◆ **DATASET CONTENT**:
════

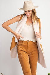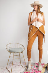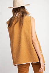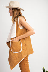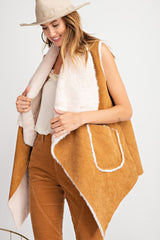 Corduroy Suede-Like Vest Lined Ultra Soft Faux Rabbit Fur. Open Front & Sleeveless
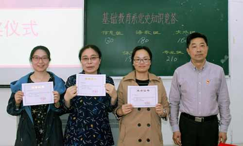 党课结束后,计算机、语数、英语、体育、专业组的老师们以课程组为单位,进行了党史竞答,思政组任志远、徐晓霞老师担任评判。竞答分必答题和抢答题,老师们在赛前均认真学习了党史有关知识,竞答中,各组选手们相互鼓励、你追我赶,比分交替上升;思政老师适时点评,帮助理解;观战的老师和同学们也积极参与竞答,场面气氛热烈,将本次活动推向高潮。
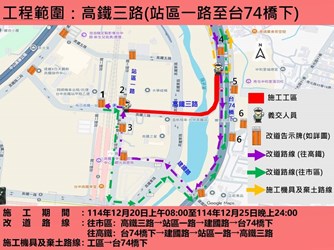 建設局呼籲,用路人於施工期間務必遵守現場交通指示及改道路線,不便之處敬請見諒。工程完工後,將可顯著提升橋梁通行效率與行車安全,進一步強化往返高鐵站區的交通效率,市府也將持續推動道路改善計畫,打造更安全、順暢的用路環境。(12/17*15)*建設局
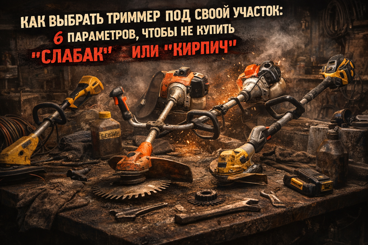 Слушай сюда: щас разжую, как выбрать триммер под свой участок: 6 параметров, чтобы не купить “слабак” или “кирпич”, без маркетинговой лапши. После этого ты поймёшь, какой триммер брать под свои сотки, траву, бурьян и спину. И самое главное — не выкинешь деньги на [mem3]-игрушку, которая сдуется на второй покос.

════

◆ **WORK ORDER**: The required output is an exact copy of the lines from the one with "建設局呼籲,用路人於施工期間" through the final line of the data above, with pictures removed.

◆ **REPLY TO THE EXERCISE**:
 建設局呼籲,用路人於施工期間務必遵守現場交通指示及改道路線,不便之處敬請見諒。工程完工後,將可顯著提升橋梁通行效率與行車安全,進一步強化往返高鐵站區的交通效率,市府也將持續推動道路改善計畫,打造更安全、順暢的用路環境。(12/17*15)*建設局
 Слушай сюда: щас разжую, как выбрать триммер под свой участок: 6 параметров, чтобы не купить “слабак” или “кирпич”, без маркетинговой лапши. После этого ты поймёшь, какой триммер брать под свои сотки, траву, бурьян и спину. И самое главное — не выкинешь деньги на [mem3]-игрушку, которая сдуется на второй покос.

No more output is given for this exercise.